Nothing more wild and solitary than this garden could be imagined.
There was no one in it, which was quite natural in view of the hour;
but it did not seem as though this spot were made for any one to walk in,
even in broad daylight.

Jean Valjean's first care had been to get hold of his shoes
and put them on again, then to step under the shed with Cosette.
A man who is fleeing never thinks himself sufficiently hidden.
The child, whose thoughts were still on the Thenardier, shared his
instinct for withdrawing from sight as much as possible.

Cosette trembled and pressed close to him. They heard the tumultuous
noise of the patrol searching the blind alley and the streets;
the blows of their gun-stocks against the stones; Javert's appeals
to the police spies whom he had posted, and his imprecations mingled
with words which could not be distinguished.

At the expiration of a quarter of an hour it seemed as though that
species of stormy roar were becoming more distant. Jean Valjean
held his breath.

He had laid his hand lightly on Cosette's mouth.
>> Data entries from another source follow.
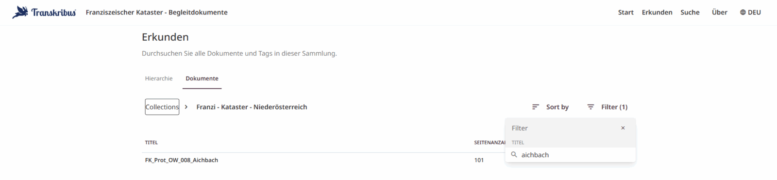 Gefiltert werden können diese Bestände unter dem Reiter „Dokumente“ nach der Auswahl einer Bestandsgruppe. Dazu gibt es die beiden Optionen „Sort by“ und „Filter“.
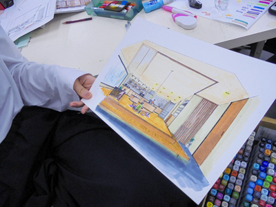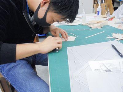 インテリア科2年生では、有志によるメンバーを募りコンペ(作品設計競技会)に挑戦するため、作品を制作中です。
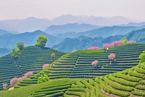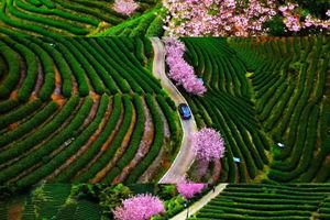 樱花搭配茶田依山势一路延绵
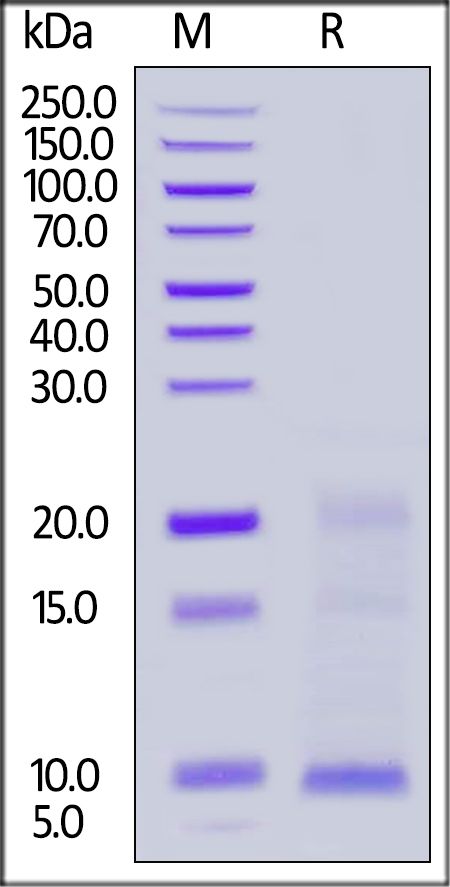 This protein carries a polyhistidine tag at the C-terminus. The protein has a calculated MW of 17.1 kDa. The protein migrates as 8-10 kDa, 15-20 kDa when calibrated against Star Ribbon Pre-stained Protein Marker under reducing (R) condition (SDS-PAGE).
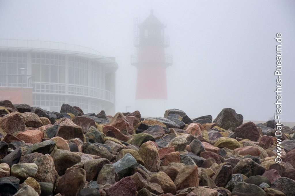 Der Nebel verhüllt den Leuchtturm in Büsum, dabei ist dieses Foto nur vom Watt aus entstanden. Die Entfernung beträgt also nur ca. 50 Meter.
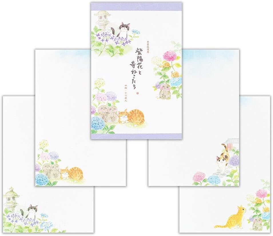 - エヌビー社 便箋 ねころび 紫陽花と寺ねこ | 4柄アソート 16枚入 a5相当 4590443 /【メール便OK】

However, the solitude in which he stood was so strangely calm,
that this frightful uproar, close and furious as it was,
did not disturb him by so much as the shadow of a misgiving.
It seemed as though those walls had been built of the deaf stones
of which the Scriptures speak.

All at once, in the midst of this profound calm, a fresh sound arose;
a sound as celestial, divine, ineffable, ravishing, as the other had
been horrible. It was a hymn which issued from the gloom, a dazzling
burst of prayer and harmony in the obscure and alarming silence of
the night; women's voices, but voices composed at one and the same time
of the pure accents of virgins and the innocent accents of children,--
voices which are not of the earth, and which resemble those that the
newborn infant still hears, and which the dying man hears already.
This song proceeded from the gloomy edifice which towered above
the garden. At the moment when the hubbub of demons retreated, one
would have said that a choir of angels was approaching through the gloom.
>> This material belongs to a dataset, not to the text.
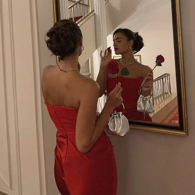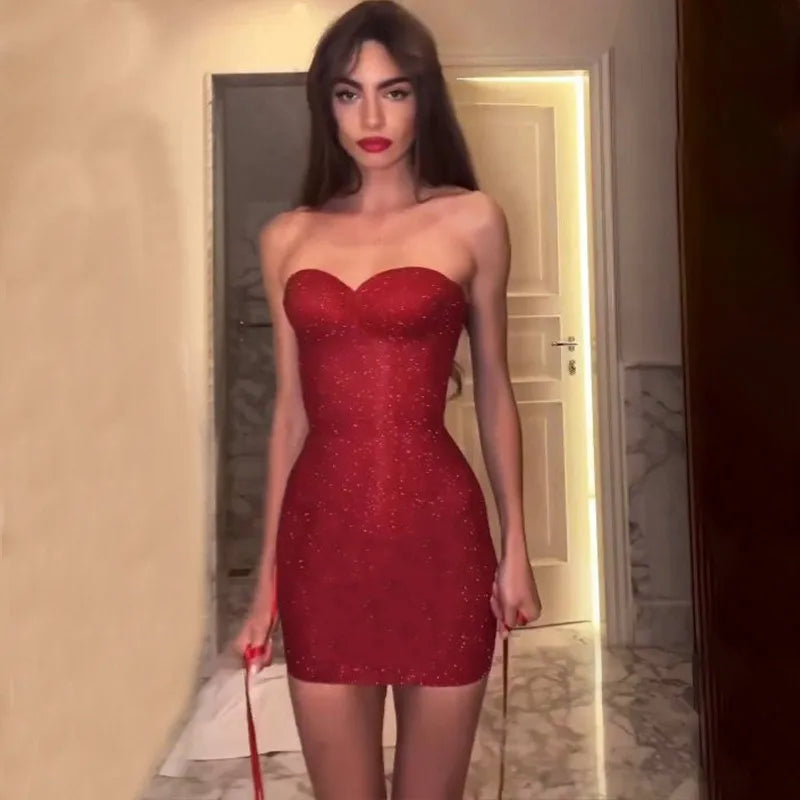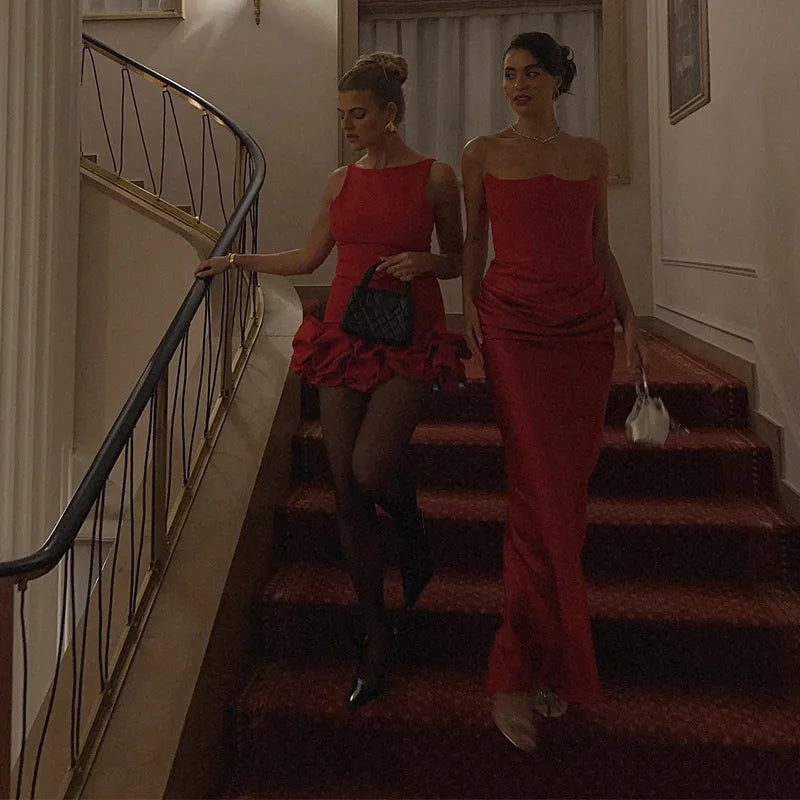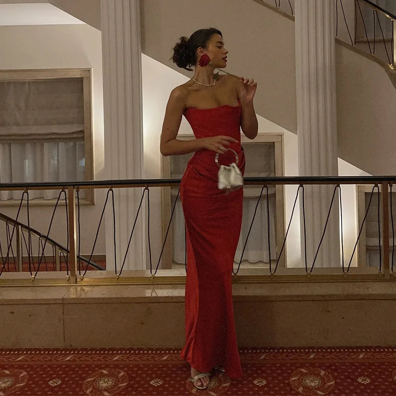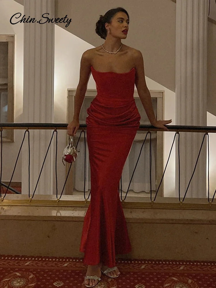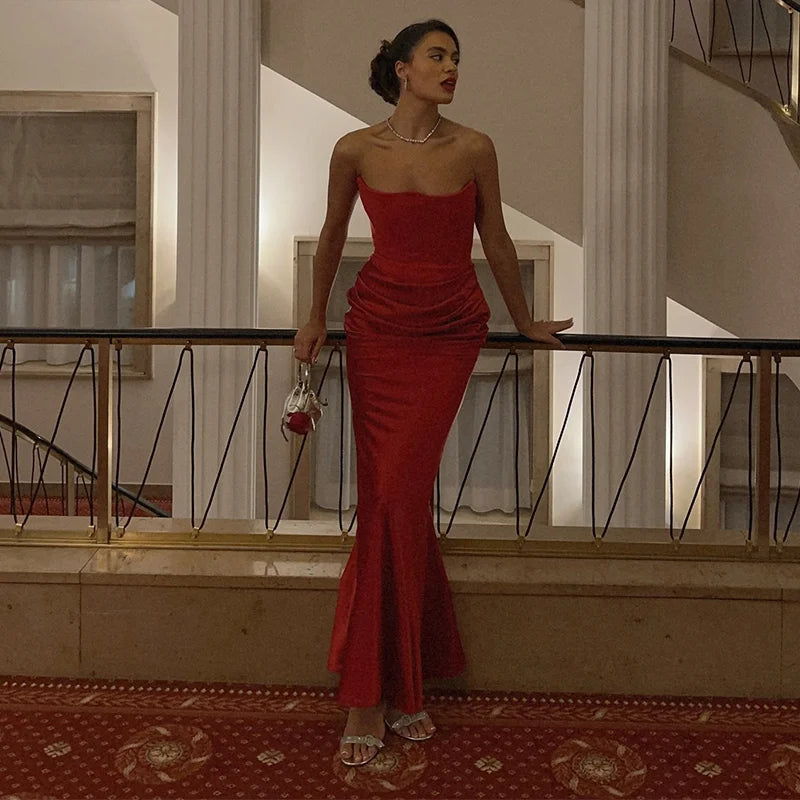 Sexy Pleat Strapless Long Dresses Women Sleeveless Backless Hip Package Lace-up Party Dress Lady New Christmas Cocktail Gowns
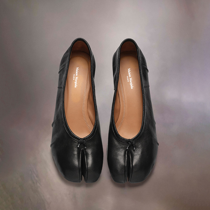 单鞋 Maison Margiela马吉拉Tabi分趾做旧褶皱芭蕾鞋 3cm

Cosette and Jean Valjean fell on their knees.

They knew not what it was, they knew not where they were; but both
of them, the man and the child, the penitent and the innocent,
felt that they must kneel.

These voices had this strange characteristic, that they
did not prevent the building from seeming to be deserted.
It was a supernatural chant in an uninhabited house.

While these voices were singing, Jean Valjean thought of nothing.
He no longer beheld the night; he beheld a blue sky. It seemed to him
that he felt those wings which we all have within us, unfolding.

The song died away. It may have lasted a long time. Jean Valjean
could not have told. Hours of ecstasy are never more than a moment.

All fell silent again. There was no longer anything in the street;
there was nothing in the garden. That which had menaced,
that which had reassured him,--all had vanished. The breeze
swayed a few dry weeds on the crest of the wall, and they gave
out a faint, sweet, melancholy sound.



CHAPTER VII

CONTINUATION OF THE ENIGMA


The night wind had risen, which indicated that it must be between
one and two o'clock in the morning. Poor Cosette said nothing.
As she had seated herself beside him and leaned her head against him,
Jean Valjean had fancied that she was asleep. He bent down and
looked at her. Cosette's eyes were wide open, and her thoughtful
air pained Jean Valjean.

She was still trembling.

"Are you sleepy?" said Jean Valjean.

"I am very cold," she replied.

A moment later she resumed:--

"Is she still there?"

"Who?" said Jean Valjean.

"Madame Thenardier."

Jean Valjean had already forgotten the means which he had employed
to make Cosette keep silent.

"Ah!" said he, "she is gone. You need fear nothing further."

The child sighed as though a load had been lifted from her breast.

The ground was damp, the shed open on all sides, the breeze grew
more keen every instant. The goodman took off his coat and wrapped
it round Cosette.

"Are you less cold now?" said he.

"Oh, yes, father."

"Well, wait for me a moment. I will soon be back."

He quitted the ruin and crept along the large building, seeking a
better shelter. He came across doors, but they were closed.
There were bars at all the windows of the ground floor.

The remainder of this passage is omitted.